▶ _Work to be completed_:
All of the data below should come back exactly as written, minus its images.

▶ _Data provided_:
..........

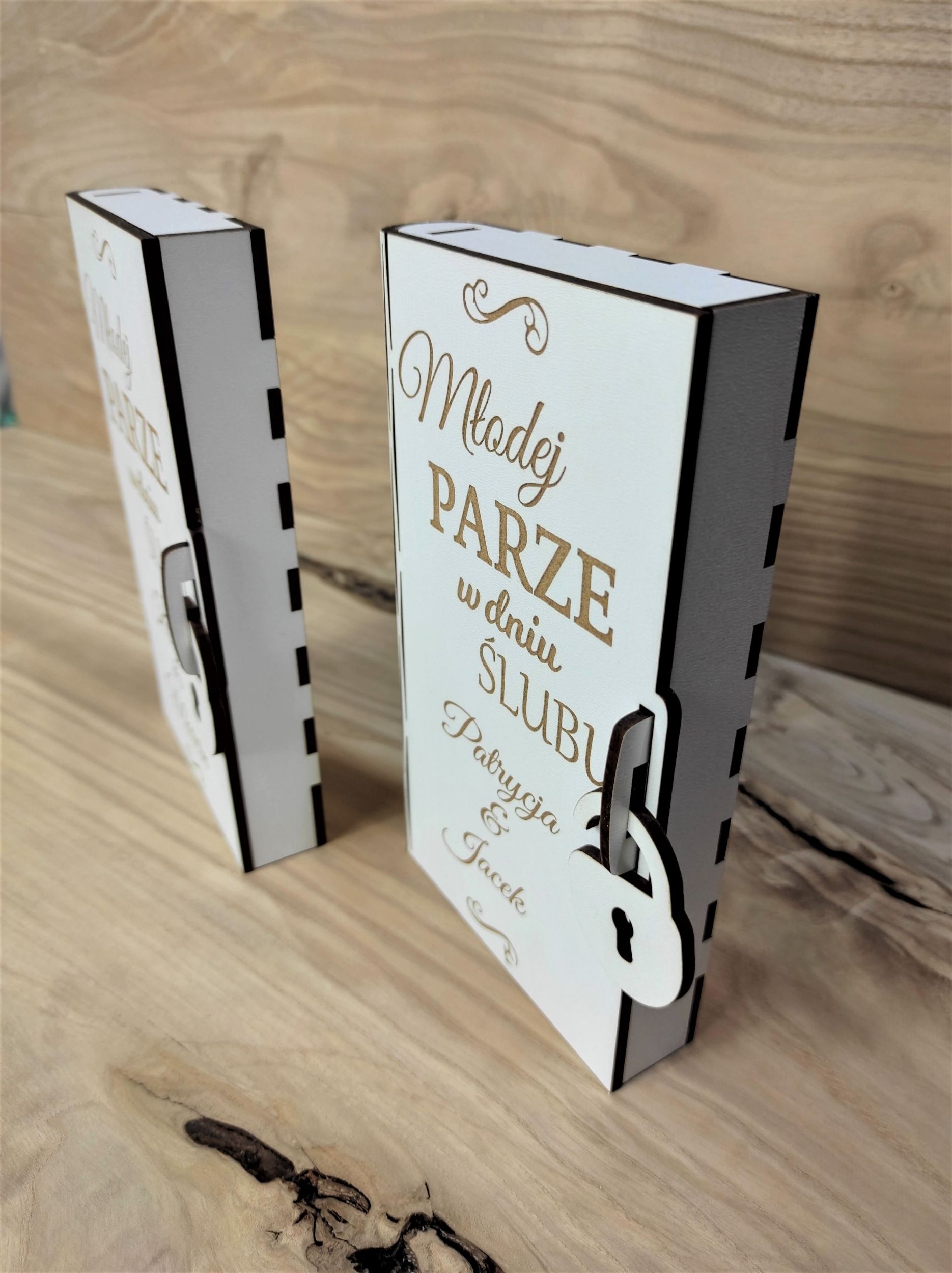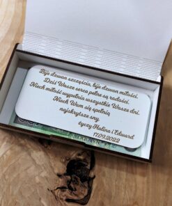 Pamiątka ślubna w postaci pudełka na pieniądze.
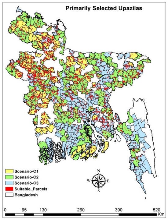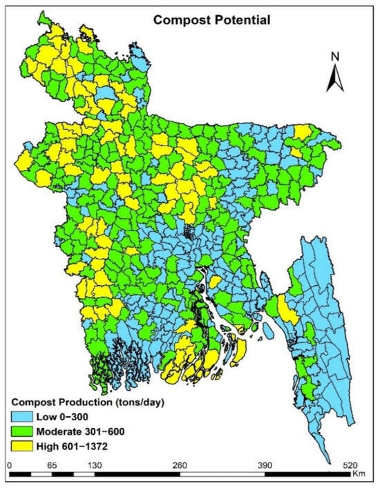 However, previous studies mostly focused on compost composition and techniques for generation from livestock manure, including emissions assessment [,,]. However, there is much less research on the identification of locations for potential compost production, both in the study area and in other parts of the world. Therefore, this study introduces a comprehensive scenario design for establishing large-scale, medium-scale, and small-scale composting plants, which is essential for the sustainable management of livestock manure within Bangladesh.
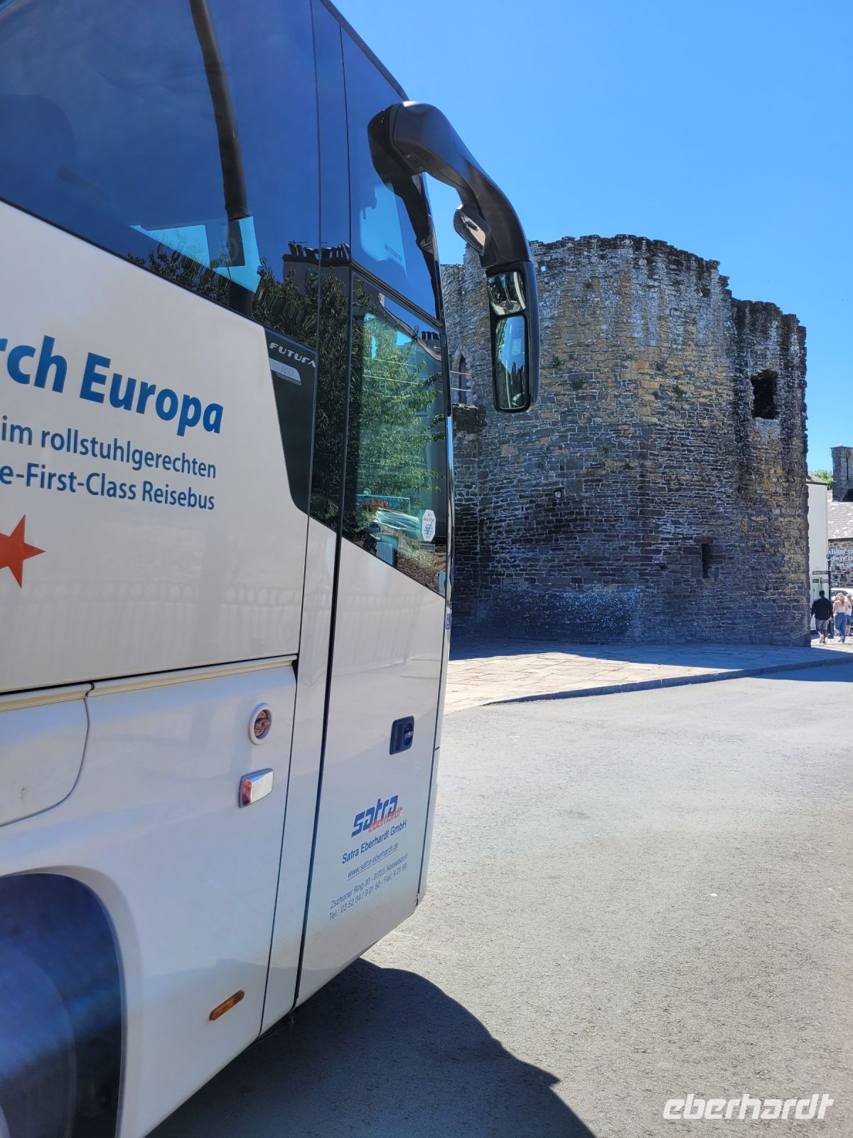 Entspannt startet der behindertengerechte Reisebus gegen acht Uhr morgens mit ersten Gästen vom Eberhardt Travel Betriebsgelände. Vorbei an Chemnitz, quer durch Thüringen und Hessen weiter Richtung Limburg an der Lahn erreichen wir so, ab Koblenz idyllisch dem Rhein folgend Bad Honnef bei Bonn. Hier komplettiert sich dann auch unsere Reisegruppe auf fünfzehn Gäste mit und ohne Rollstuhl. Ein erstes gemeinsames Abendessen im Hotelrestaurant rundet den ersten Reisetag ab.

..........

▶ _Task answer_:
 Pamiątka ślubna w postaci pudełka na pieniądze.
 However, previous studies mostly focused on compost composition and techniques for generation from livestock manure, including emissions assessment [,,]. However, there is much less research on the identification of locations for potential compost production, both in the study area and in other parts of the world. Therefore, this study introduces a comprehensive scenario design for establishing large-scale, medium-scale, and small-scale composting plants, which is essential for the sustainable management of livestock manure within Bangladesh.
 Entspannt startet der behindertengerechte Reisebus gegen acht Uhr morgens mit ersten Gästen vom Eberhardt Travel Betriebsgelände. Vorbei an Chemnitz, quer durch Thüringen und Hessen weiter Richtung Limburg an der Lahn erreichen wir so, ab Koblenz idyllisch dem Rhein folgend Bad Honnef bei Bonn. Hier komplettiert sich dann auch unsere Reisegruppe auf fünfzehn Gäste mit und ohne Rollstuhl. Ein erstes gemeinsames Abendessen im Hotelrestaurant rundet den ersten Reisetag ab.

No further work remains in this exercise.